INSTRUCTIONS FOR THE TASK: Starting with the line that has "根据第149/QĐ-CEA." and finishing with the line that has "Seeking to further", set down each line below exactly. Pictures are not copied.

RECORDS TO PROCESS:
* * * * * * * * *

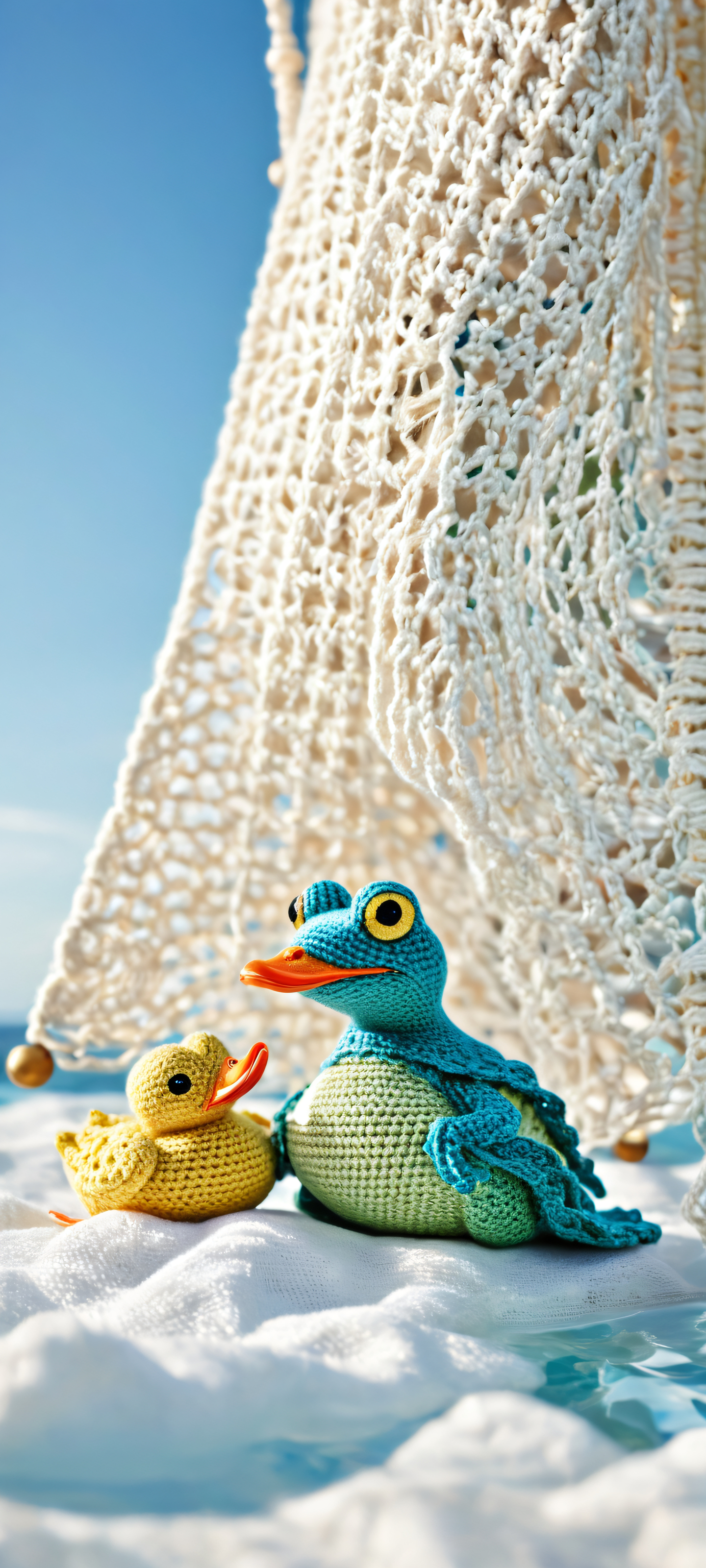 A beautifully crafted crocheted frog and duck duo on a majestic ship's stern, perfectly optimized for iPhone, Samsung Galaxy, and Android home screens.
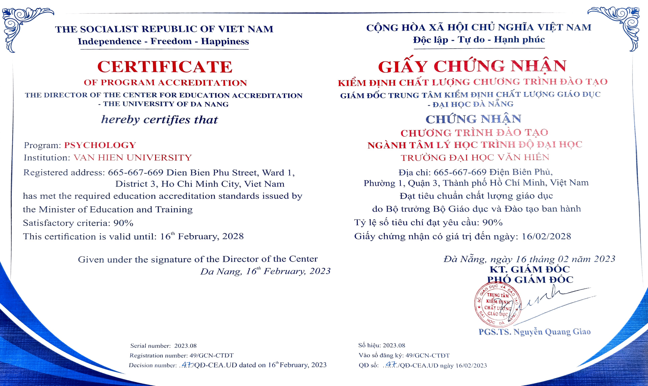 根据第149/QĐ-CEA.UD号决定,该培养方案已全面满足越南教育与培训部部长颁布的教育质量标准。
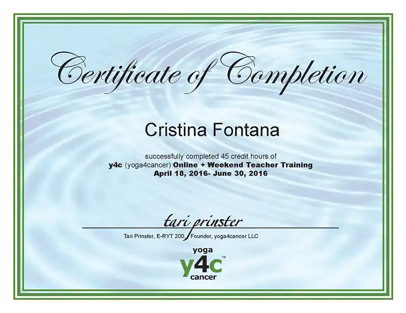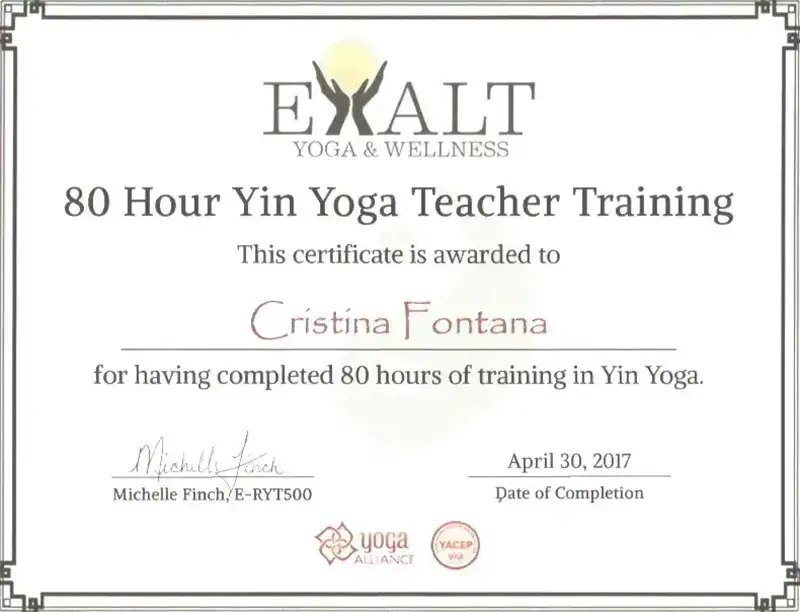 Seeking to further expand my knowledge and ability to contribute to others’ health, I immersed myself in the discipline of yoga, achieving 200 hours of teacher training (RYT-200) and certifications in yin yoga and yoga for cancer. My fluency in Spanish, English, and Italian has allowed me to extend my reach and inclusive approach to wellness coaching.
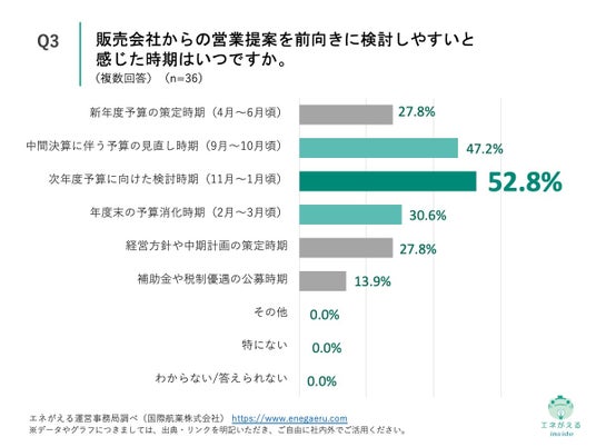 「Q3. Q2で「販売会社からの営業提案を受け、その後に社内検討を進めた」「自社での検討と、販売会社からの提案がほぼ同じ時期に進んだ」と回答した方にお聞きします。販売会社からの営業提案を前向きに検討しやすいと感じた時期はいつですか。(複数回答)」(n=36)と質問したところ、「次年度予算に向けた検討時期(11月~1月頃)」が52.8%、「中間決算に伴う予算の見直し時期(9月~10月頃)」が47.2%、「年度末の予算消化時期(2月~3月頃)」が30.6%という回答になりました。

* * * * * * * * *

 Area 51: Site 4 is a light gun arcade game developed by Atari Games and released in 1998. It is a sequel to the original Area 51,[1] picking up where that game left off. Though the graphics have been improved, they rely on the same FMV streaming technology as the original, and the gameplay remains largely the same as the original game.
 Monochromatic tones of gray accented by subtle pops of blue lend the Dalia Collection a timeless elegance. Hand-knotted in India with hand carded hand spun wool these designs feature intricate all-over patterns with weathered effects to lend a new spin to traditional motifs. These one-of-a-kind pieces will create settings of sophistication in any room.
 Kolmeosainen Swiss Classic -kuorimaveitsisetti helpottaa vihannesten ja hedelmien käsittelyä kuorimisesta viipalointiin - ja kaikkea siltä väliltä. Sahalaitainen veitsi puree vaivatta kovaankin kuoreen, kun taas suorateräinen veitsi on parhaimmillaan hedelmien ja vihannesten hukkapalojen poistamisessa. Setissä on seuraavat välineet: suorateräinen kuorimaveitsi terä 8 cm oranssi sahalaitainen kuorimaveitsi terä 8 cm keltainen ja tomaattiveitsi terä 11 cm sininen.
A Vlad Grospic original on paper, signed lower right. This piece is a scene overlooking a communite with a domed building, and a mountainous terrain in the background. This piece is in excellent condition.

* * * * * * * * *

SOLVED EXERCISE:
 根据第149/QĐ-CEA.UD号决定,该培养方案已全面满足越南教育与培训部部长颁布的教育质量标准。
 Seeking to further expand my knowledge and ability to contribute to others’ health, I immersed myself in the discipline of yoga, achieving 200 hours of teacher training (RYT-200) and certifications in yin yoga and yoga for cancer. My fluency in Spanish, English, and Italian has allowed me to extend my reach and inclusive approach to wellness coaching.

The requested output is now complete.